Exercise description – When you reach the line with "客室には、ゲームの世界観を演", start repeating the lines exactly and keep going to the end of the records, but drop every picture.

Data provided –
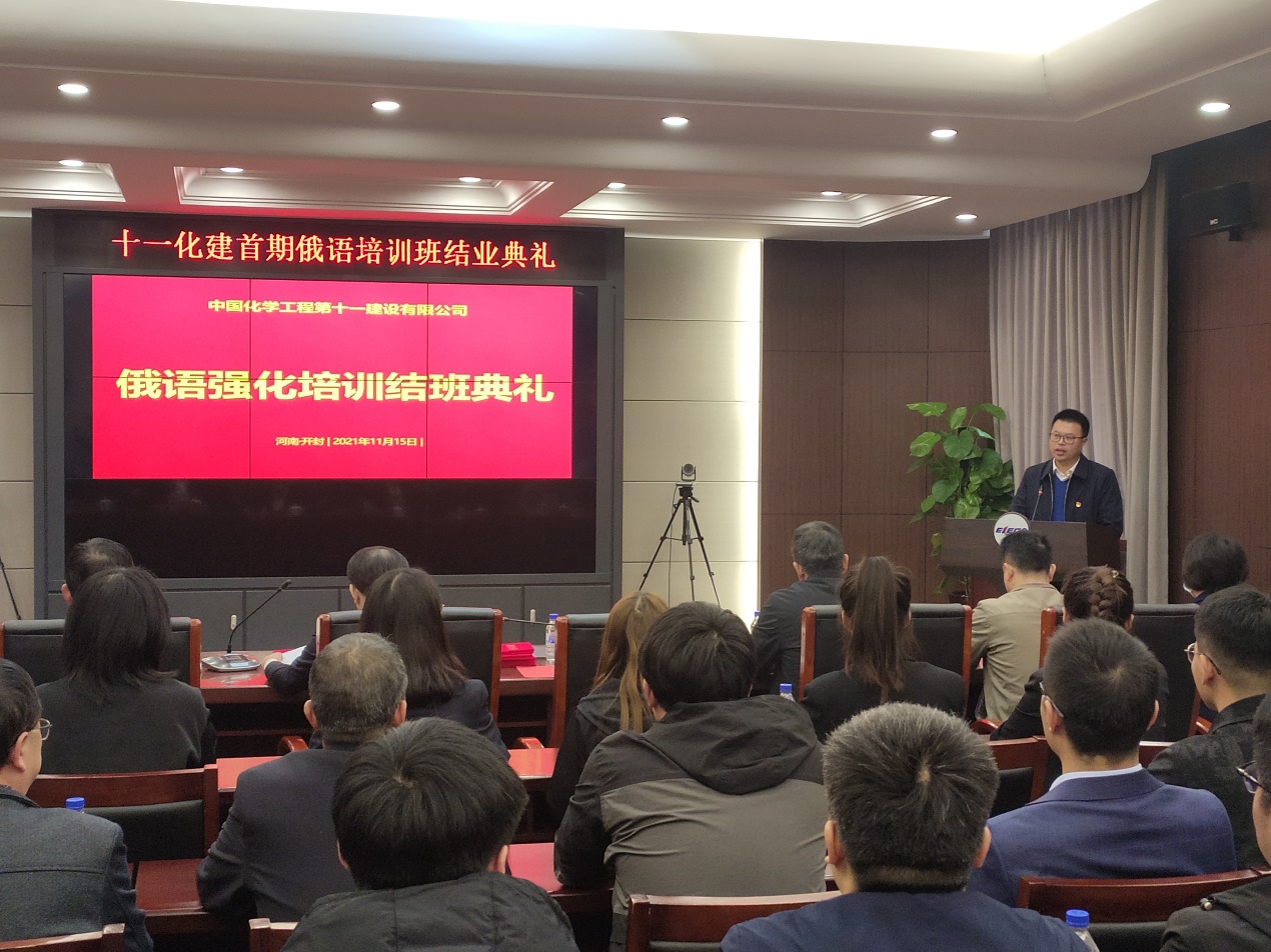 11月15日下午,由我校承办的中国化学工程第十一建设有限公司(以下简称中化集团十一公司)工程项目管理人员俄语强化培训班结业典礼,在中化集团十一公司多功能报告厅顺利举行。我校校长胡昊、副校长菅浩然、国际教育学院党政负责人,以及中化集团十一公司总经理姚景浩、副总经理白涛出席典礼并为学员颁发结业证书。
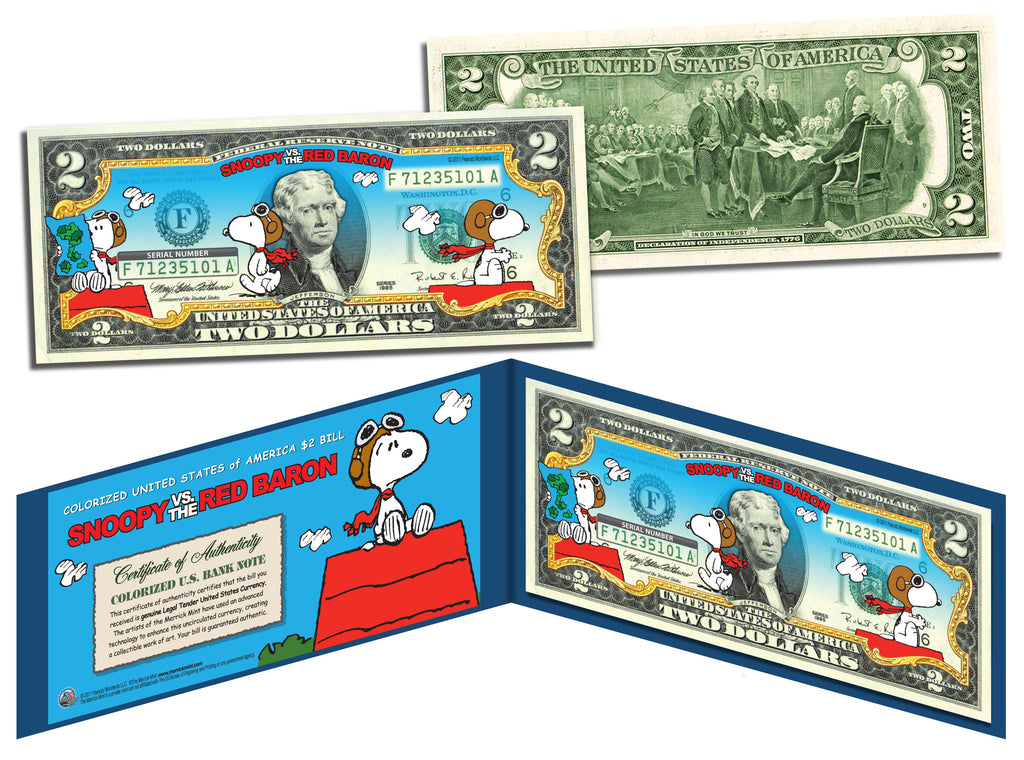 • PEANUTS - SNOOPY vs. RED BARON - Legal Tender US $2 Bill - LICENSED - Charlie Brown
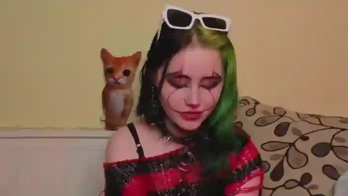 Her birthday is June 17th 2006 making her 19 years old, and the average age of models on Flirt4Free is 25—making her one of the younger models. Her height is 156cm, and her weight is 45kg. She identifies her ethnicity as other. She has a shaved pubic hair, and c cup breasts on a average body with blue eyes and short multi color hair.Her body art includes piercings, tattoo(s).
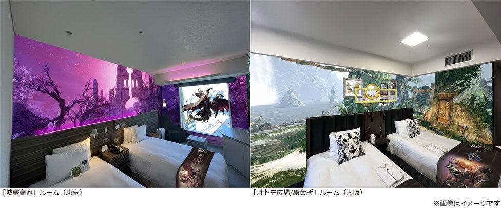 客室には、ゲームの世界観を演出した装飾が施され、ホテル館内にはフォトスポットやARマーカーが設置され、スマートフォンで読み込むとモンスターが出現するなど、ファンが楽しめる仕掛けが多数用意される。
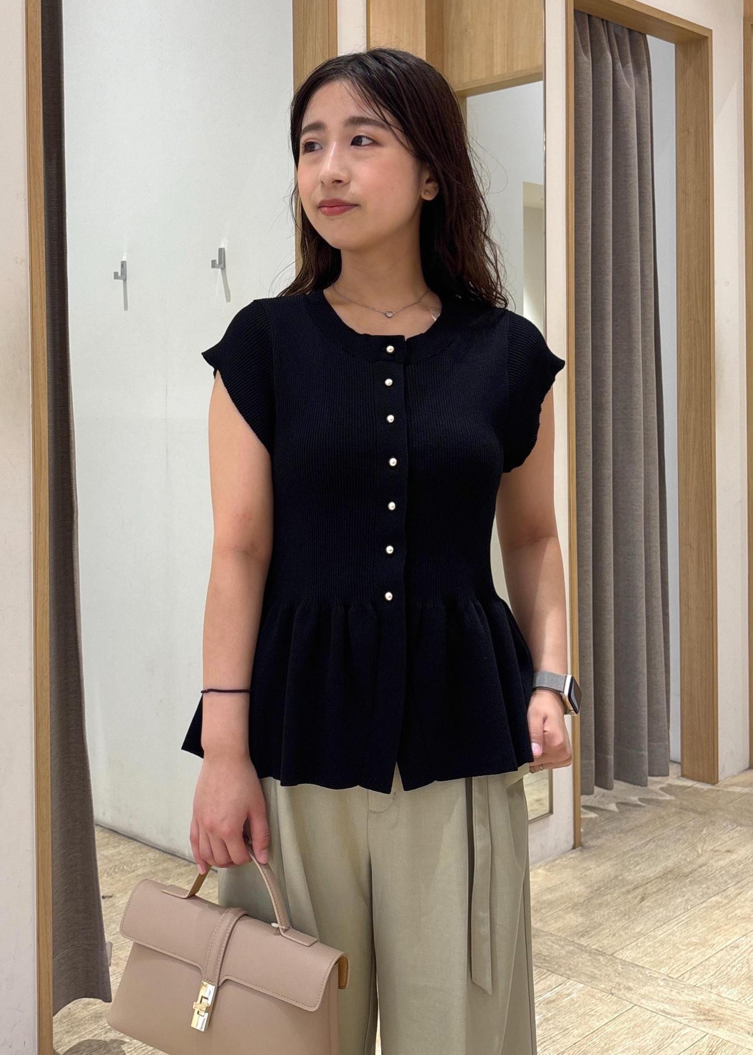 VIS【アンチピリング/洗える】美SMARTショートスリーブペプラムニットブラック / F¥5,489レビューお尻と骨盤をカバーする着丈感ですが、前方の裾はVカットで抜け感があるので骨格ウェーブも長めの丈感を綺麗に着こなせる!
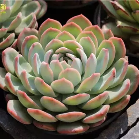 大和锦是景天科拟石莲花属的多肉植物。肉质叶排成紧密的莲座状,广卵形至散三角卵形,背面突起呈龙骨状,…
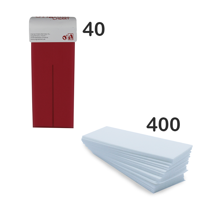 Pack especial de depilación roll on. Incluye 40 unidades de nuestro roll-on más vendido, el de fresa , y 400 bandas de celulosa de primera calidad.
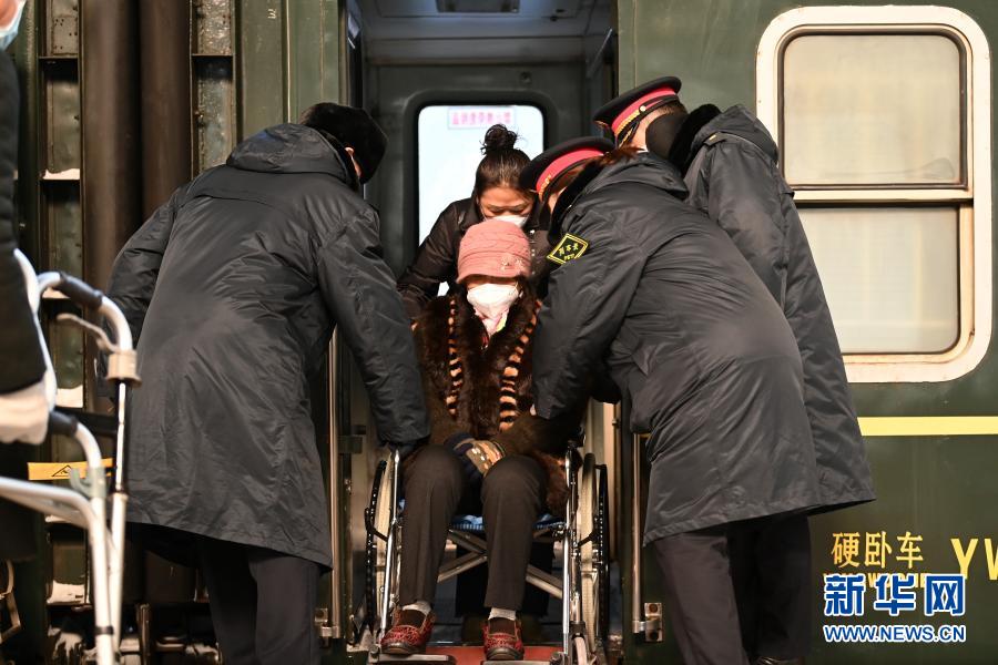 1月28日,在哈尔滨火车站站台,工作人员帮助乘轮椅的老人登上K7103次列车。

Output for this task –
 客室には、ゲームの世界観を演出した装飾が施され、ホテル館内にはフォトスポットやARマーカーが設置され、スマートフォンで読み込むとモンスターが出現するなど、ファンが楽しめる仕掛けが多数用意される。
 VIS【アンチピリング/洗える】美SMARTショートスリーブペプラムニットブラック / F¥5,489レビューお尻と骨盤をカバーする着丈感ですが、前方の裾はVカットで抜け感があるので骨格ウェーブも長めの丈感を綺麗に着こなせる!
 大和锦是景天科拟石莲花属的多肉植物。肉质叶排成紧密的莲座状,广卵形至散三角卵形,背面突起呈龙骨状,…
 Pack especial de depilación roll on. Incluye 40 unidades de nuestro roll-on más vendido, el de fresa , y 400 bandas de celulosa de primera calidad.
 1月28日,在哈尔滨火车站站台,工作人员帮助乘轮椅的老人登上K7103次列车。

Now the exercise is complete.